(ABOUT THIS EXERCISE) Below are records with pictures. Reproduce exactly the lines from the line with "如果沒有被禁音,那么會不會是" to the line with "V bohaté zeleni", inclusive, and leave each picture out.
BEGIN DATASET ENTRIES
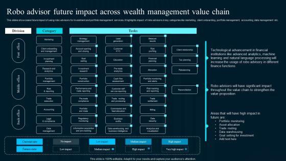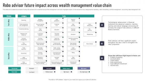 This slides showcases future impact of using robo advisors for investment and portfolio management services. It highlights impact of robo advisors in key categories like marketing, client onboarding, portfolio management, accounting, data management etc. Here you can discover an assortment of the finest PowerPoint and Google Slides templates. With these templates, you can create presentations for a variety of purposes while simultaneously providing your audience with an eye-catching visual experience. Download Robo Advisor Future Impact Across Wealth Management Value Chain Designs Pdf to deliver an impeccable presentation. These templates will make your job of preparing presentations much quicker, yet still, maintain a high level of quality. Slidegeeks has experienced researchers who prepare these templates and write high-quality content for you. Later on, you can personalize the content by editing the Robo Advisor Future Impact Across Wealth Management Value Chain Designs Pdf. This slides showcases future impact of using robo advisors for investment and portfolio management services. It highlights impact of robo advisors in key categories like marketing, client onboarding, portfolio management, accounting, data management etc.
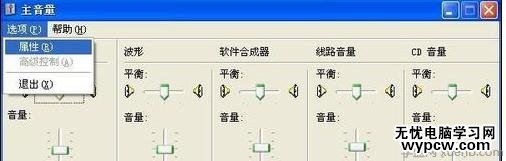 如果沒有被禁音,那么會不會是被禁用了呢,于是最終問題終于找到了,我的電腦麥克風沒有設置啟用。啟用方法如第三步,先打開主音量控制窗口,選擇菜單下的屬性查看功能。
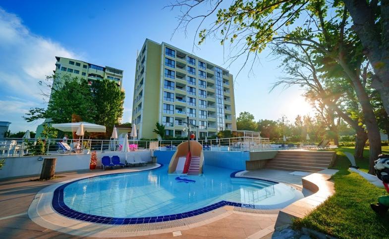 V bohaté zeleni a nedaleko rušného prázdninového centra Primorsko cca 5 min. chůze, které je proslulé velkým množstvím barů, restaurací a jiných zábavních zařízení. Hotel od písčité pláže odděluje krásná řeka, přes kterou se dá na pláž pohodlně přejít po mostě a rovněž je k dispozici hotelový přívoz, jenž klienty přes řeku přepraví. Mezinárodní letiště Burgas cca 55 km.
END DATASET ENTRIES
BEGIN DATASET ENTRIES
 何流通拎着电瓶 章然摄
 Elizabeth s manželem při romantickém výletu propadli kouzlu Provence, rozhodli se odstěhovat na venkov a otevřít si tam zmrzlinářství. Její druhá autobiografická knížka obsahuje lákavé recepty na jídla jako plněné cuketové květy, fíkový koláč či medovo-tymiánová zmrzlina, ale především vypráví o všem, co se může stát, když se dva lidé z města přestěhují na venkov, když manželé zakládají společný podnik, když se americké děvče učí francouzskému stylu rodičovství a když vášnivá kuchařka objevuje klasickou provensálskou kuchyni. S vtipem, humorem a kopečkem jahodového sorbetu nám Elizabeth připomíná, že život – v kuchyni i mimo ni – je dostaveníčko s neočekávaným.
END DATASET ENTRIES
(SOLVED EXERCISE)
 如果沒有被禁音,那么會不會是被禁用了呢,于是最終問題終于找到了,我的電腦麥克風沒有設置啟用。啟用方法如第三步,先打開主音量控制窗口,選擇菜單下的屬性查看功能。
 V bohaté zeleni a nedaleko rušného prázdninového centra Primorsko cca 5 min. chůze, které je proslulé velkým množstvím barů, restaurací a jiných zábavních zařízení. Hotel od písčité pláže odděluje krásná řeka, přes kterou se dá na pláž pohodlně přejít po mostě a rovněž je k dispozici hotelový přívoz, jenž klienty přes řeku přepraví. Mezinárodní letiště Burgas cca 55 km.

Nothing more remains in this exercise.